На мгновение Мунэмори пожалел, что не взял с собой охрану, да только кому бы он смог довериться? Впрочем, любой разбойник, даже настолько безрассудный или глупый, чтобы напасть на карету с гербом Тайра, знал, что расплата будет суровой.
— Н-нет, господин, — выдавил наконец возница. — Мы на улице Судзяку, и дальше волы не идут.
— Ну так подстегни их, бездельник!
— Господин, видели бы вы то, что мы, тоже небось не пожелали бы продолжать путь.
Досадливо ворча, Мунэмори открыл заднюю дверцу и ступил на землю с твердым намерением выхватить у погонщика кнут и пройтись по его спине. Он обошел волов справа, вдоль стены Дворцового города. Перед ним лежал проезд Судзяку, и, едва выйдя к перекрестку, Мунэмори ахнул, потрясенный открывшимся зрелищем.
По улице тянулась процессия призраков: одиннадцать воинов в боевых доспехах несли высокий, богато украшенный паланкин. Шествие мерно приближалось, носильщики вышагивали, устремив бледные лица вперед, не смея отвести взгляда от цели.
Мунэмори порывался было убежать, но его ноги точно примерзли к земле. Когда призраки подошли ближе, он разглядел у каждого воина темную линию поперек шеи.
— Я знаю этих людей, — тихо промолвил он. — Вон идет дядя отца, Тадамаса, со своими сыновьями. За ним Минамото Тамэ-ёси и его дети. Всех обезглавили после смуты Хогэн.
За спиной у Мунэмори возница лепетал молитвы Будде Амиде.
Ворота Дворцового города находились на другой стороне улицы, чуть справа.

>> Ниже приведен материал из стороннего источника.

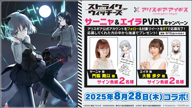 『ストライクウィッチーズ』×『アリス・ギア・アイギス』のコラボ開催を記念して、島田フミカネ氏描き下ろしのコラボキービジュアルを公開した。また、イベント開催日の8月28日15:00まで、毎日コラボ情報の公開を予定している。開催前日の8月27日20:00には特別映像をプレミア公開予定となるので、お楽しみに。

Мунэмори увидел, как призрачный паланкин поравнялся с ними и остановился точно напротив входа.
— Они не посмеют, — пробормотал погонщик. — Дворец императора — священное место, его стережет сам Фудо-Мёо[46] мечом и вервием.
Мунэмори вздрогнул. Он знал — из подслушанных слов матери, — что в первую ночь Нового года дворец не охраняется.
Занавесь паланкина отдернулась. Внутри ею стояла кромешная тьма, проницаемая лишь для глаз обитателей ада. Оттуда показалось существо, некогда бывшее человеком, — с растрепанной гривой волос, обвязанной грязным шелковым шарфом, и длиниопалыми когтистыми руками. Глаза глубоко запали и мерцали бледным огнем, кожа приобрела землистый оттенок, а подбородок заострился. Существо улыбнулось и кивнуло Мунэмори — ни дать ни взять вельможа, любезно приветствующий собрата.